• [Goal of the exercise]:
Pictures within the data are to be left out; everything else must be reproduced exactly.

• [Information shown]:
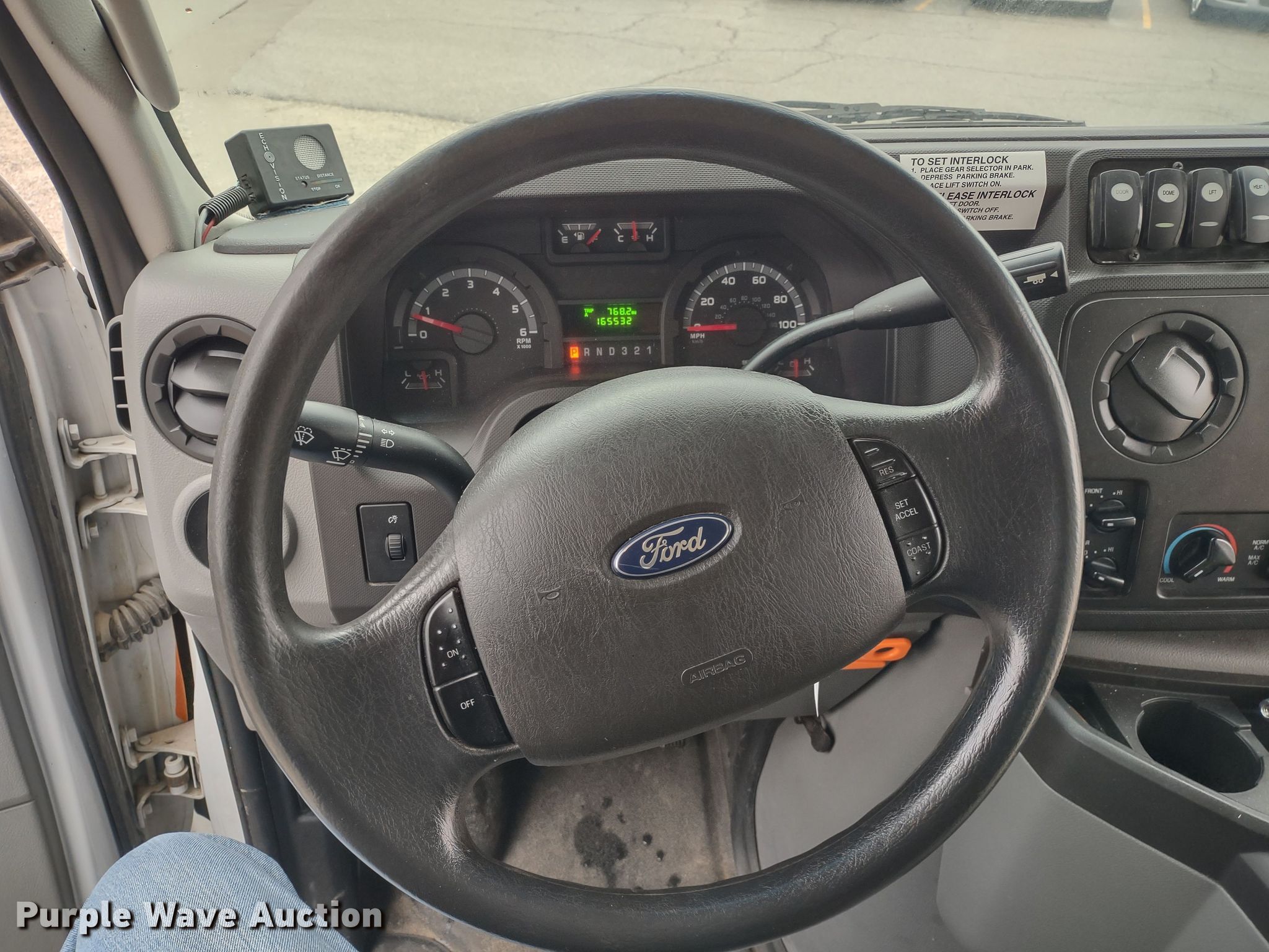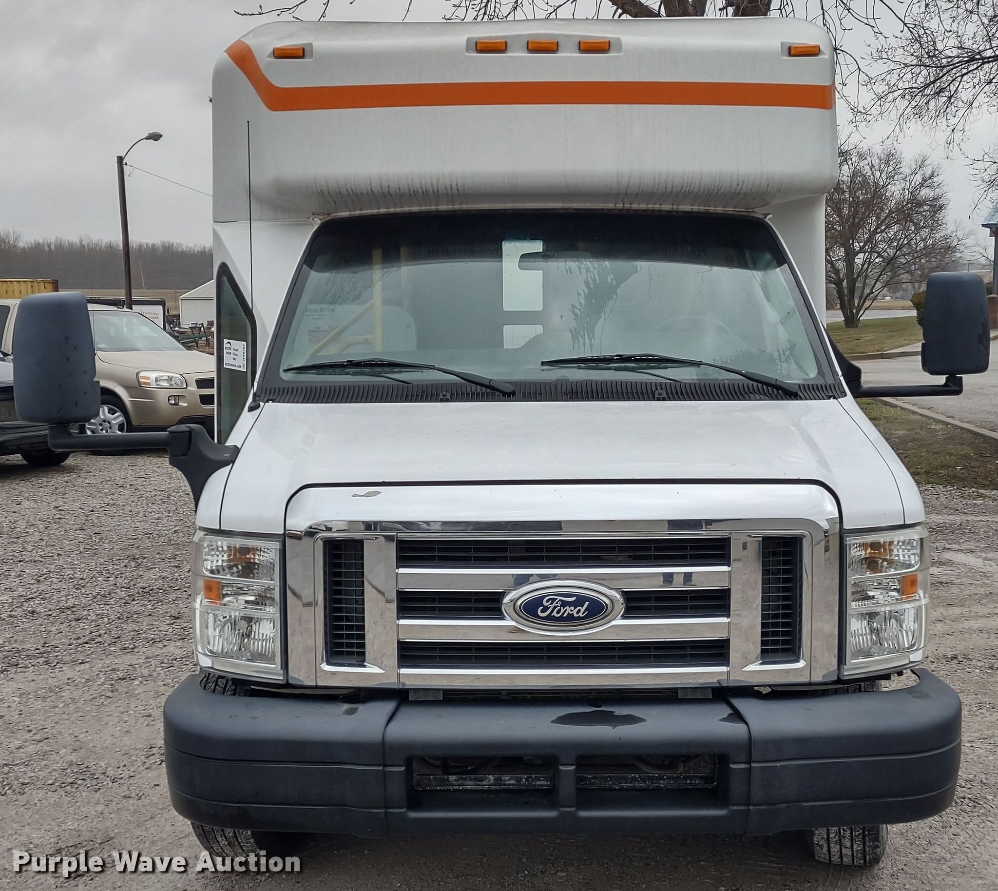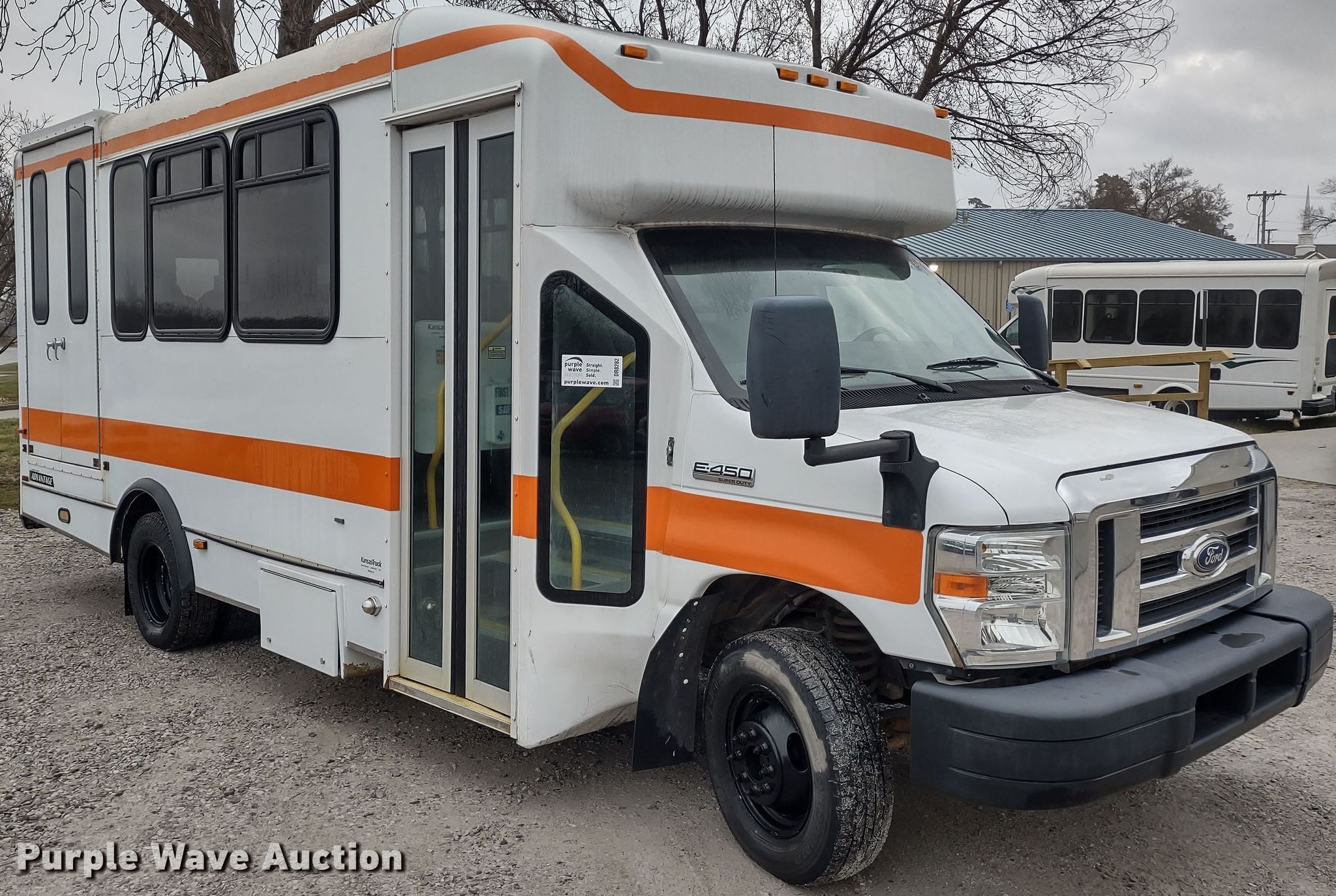 2015 Ford E450 Super Duty El Dorado shuttle bus. Miles: 165,532 on odometer, VIN: 1FDFE4FS4EDB17362. Engine Displacement: 6.8L, Cylinders: 10, Fuel type: Gas. Transmission Automatic. Chassis Axles: Single, Suspension: Spring, Brakes: Hydraulic, GVWR: 14,500 lbs. Interior AC, Heat, Heated mirrors, Cruise control, Auxiliary controls, Electric passenger sliding door, Passengers: 16, Wheelchair lift. Tires Size: 225/75R16. Kansas title. Title distribution may be delayed up to 14 days from verification of funds. Tri-Ko Inc.. 301 1st Street. Osawatomie, KS 66064
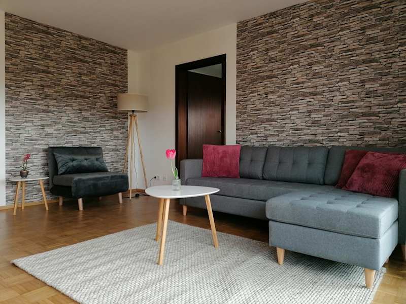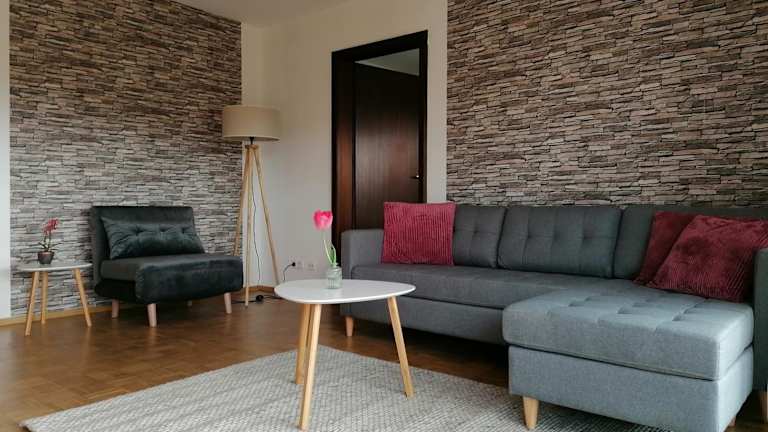 Die Ferienwohnung verfügt über eine Terrasse mit Stadtblick, ein Schlafzimmer, ein Wohnzimmer mit einem Satelliten Flachbild-TV sowie eine gut ausgestattete Küche. Ein Badezimmer mit Dusche und Badewanne ist ebenfalls vorhanden. Handtücher und Bettwäsche werden bereitgestellt.
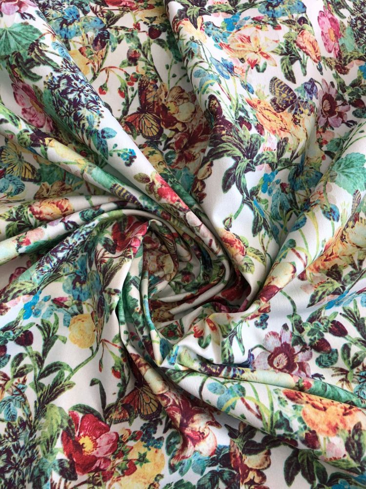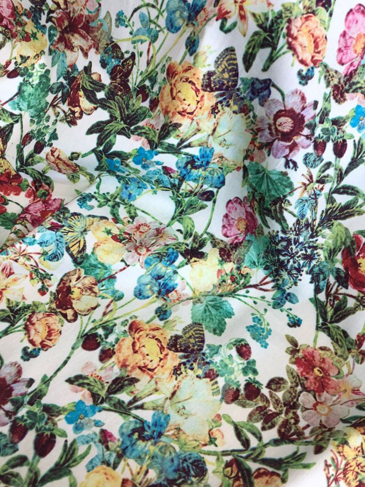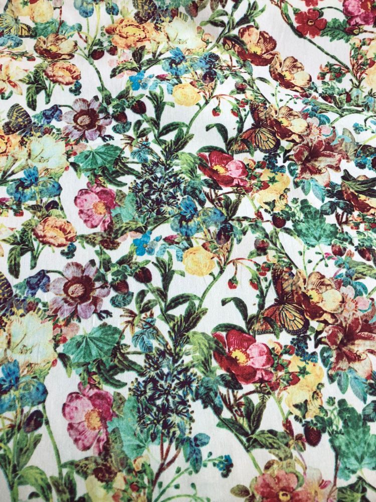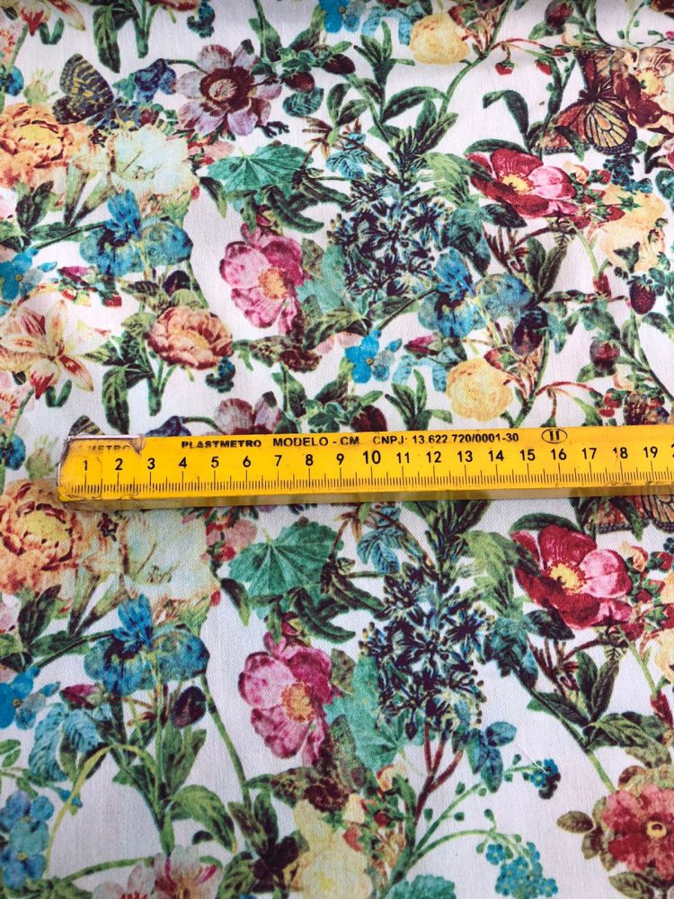 Tecido Sarja Leve Borboletas No Jardim

• [Solution]:
 2015 Ford E450 Super Duty El Dorado shuttle bus. Miles: 165,532 on odometer, VIN: 1FDFE4FS4EDB17362. Engine Displacement: 6.8L, Cylinders: 10, Fuel type: Gas. Transmission Automatic. Chassis Axles: Single, Suspension: Spring, Brakes: Hydraulic, GVWR: 14,500 lbs. Interior AC, Heat, Heated mirrors, Cruise control, Auxiliary controls, Electric passenger sliding door, Passengers: 16, Wheelchair lift. Tires Size: 225/75R16. Kansas title. Title distribution may be delayed up to 14 days from verification of funds. Tri-Ko Inc.. 301 1st Street. Osawatomie, KS 66064
 Die Ferienwohnung verfügt über eine Terrasse mit Stadtblick, ein Schlafzimmer, ein Wohnzimmer mit einem Satelliten Flachbild-TV sowie eine gut ausgestattete Küche. Ein Badezimmer mit Dusche und Badewanne ist ebenfalls vorhanden. Handtücher und Bettwäsche werden bereitgestellt.
 Tecido Sarja Leve Borboletas No Jardim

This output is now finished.